Les ombres filantes

APRÈS-MIDI

Quelque chose vient de me tirer de mon sommeil. Je refuse d’ouvrir les yeux. Pas encore, pas tout de suite. J’ignore combien de temps j’ai pu dormir adossé à cette vieille souche. Une heure, peut-être deux. À part une corneille qui graille au loin et les feuilles des peupliers qui bruissent dans la brise, la forêt est silencieuse.
J’écarte les paupières et suis ébloui par les fougères nombreuses, fuselées, luminescentes. Dans cette étendue sans fin, des arbres immenses se lancent à l’assaut du ciel. L’écorce craquelée de leurs troncs est couverte de lichens. Le labyrinthe de leurs branches découpe la végétation en mosaïque.
Une odeur de fauve flotte dans l’air. Je redresse la tête lentement et tressaute. Devant moi, tout près, juste là, un loup me guette.
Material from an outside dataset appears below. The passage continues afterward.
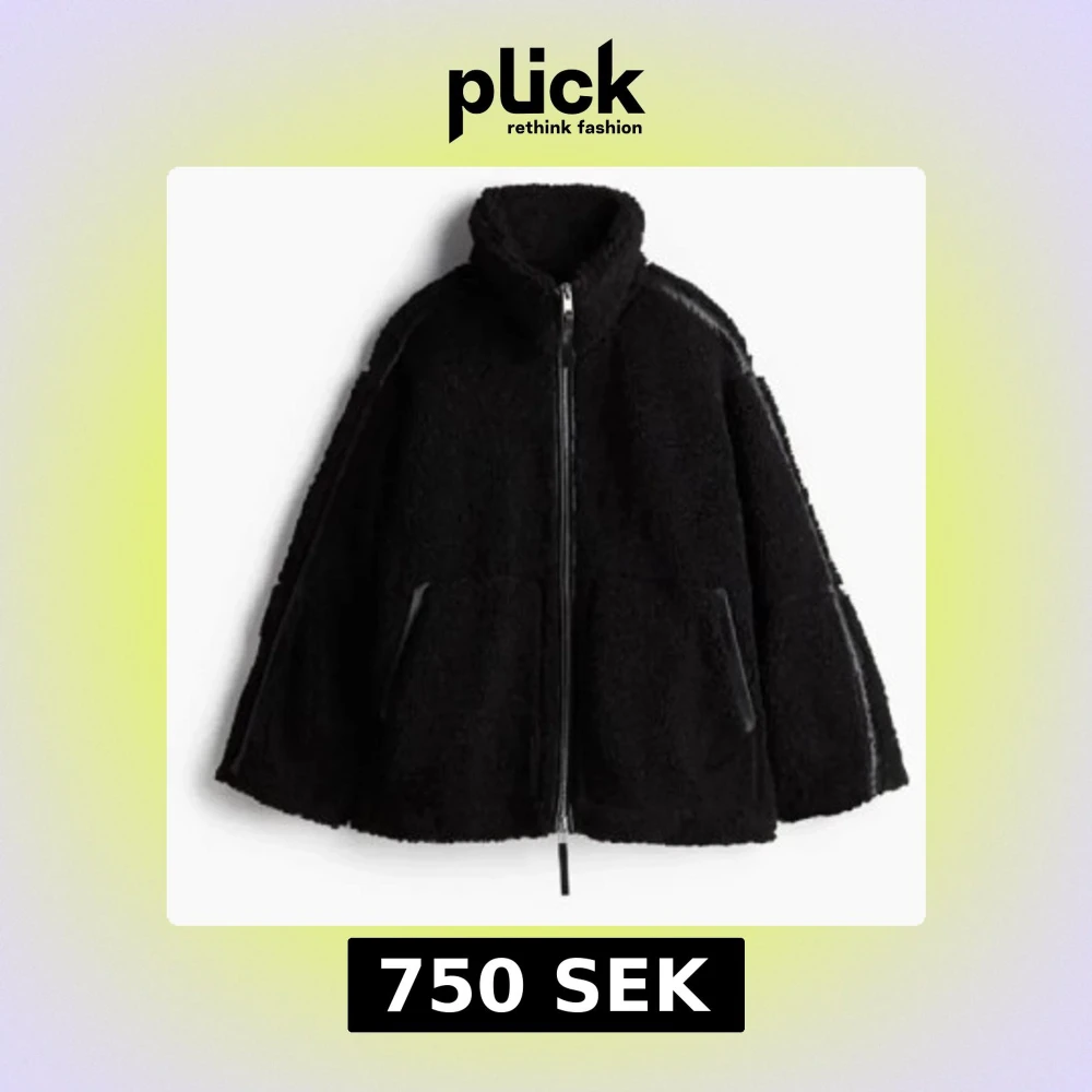 Mysig svart teddyjacka med dragkedja och hög krage. Jackan har långa ärmar och praktiska fickor framtill. Perfekt för kyliga dagar när du vill hålla dig varm och stilren.
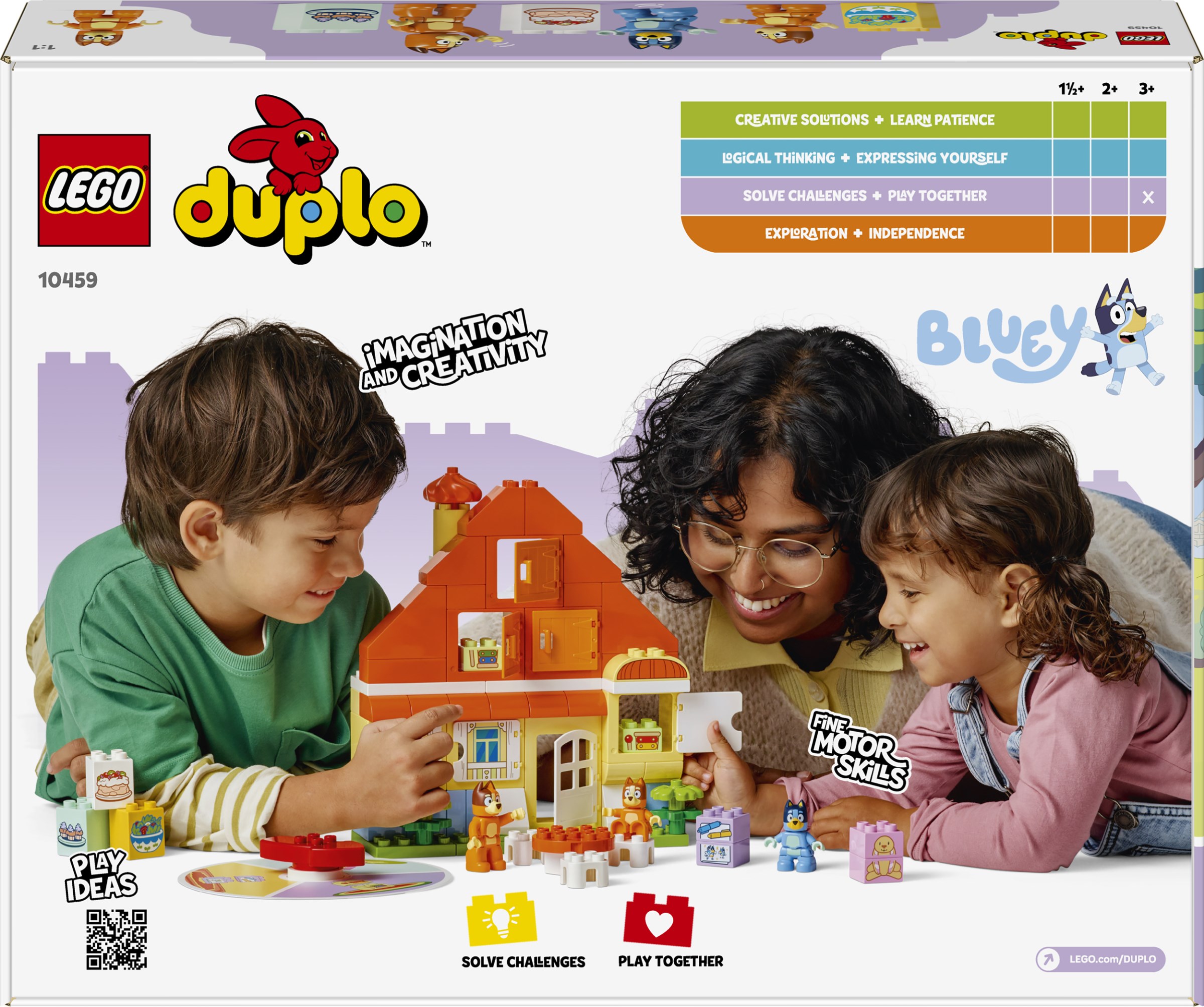 The LEGO DUPLO (10459) Bluey's Family House with Memory Game set gives ages 3+ and their families a fun building experience combined with two different memory games. After building the iconic Heeler Family House, families can engage in a memory game by twisting the spinner to find paired items and figures. The other side of the spinner introduces a second memory challenge, where it is possible to pair bricks to create well-known items from the show. The set includes figures of Bluey, Bingo, and Mum (Chilli).

Ses yeux jaunes, sa stature et son pelage ombrageux appartiennent à un autre monde. Je veux me lever et déguerpir, mais les vertèbres de mon dos sont soudées les unes aux autres. Je n’ai jamais vu de bête aussi immobile et aussi puissante à la fois.
Quand je parviens à me relever, le loup recule de quelques pas, me jauge puis se repositionne au même endroit. Ma vieille blessure au genou m’élance. Je jette un coup d’œil par-dessus mon épaule. Entre le brun et le roux des branchages, je repère deux autres silhouettes qui se faufilent sans bruit. Mon sang s’épaissit. Je suis encerclé. Soit ils s’apprêtent à fondre sur moi, soit ils hésitent à la vue de mon corps maigre et sec. Je lance un cri pour les effrayer. Ma voix casse. Le loup qui me fait face, sursaute, attend puis lève le museau pour humer l’air. Sans le quitter du regard, je me penche et mets la main sur mon sac, mes bâtons, mes vieilles bottes.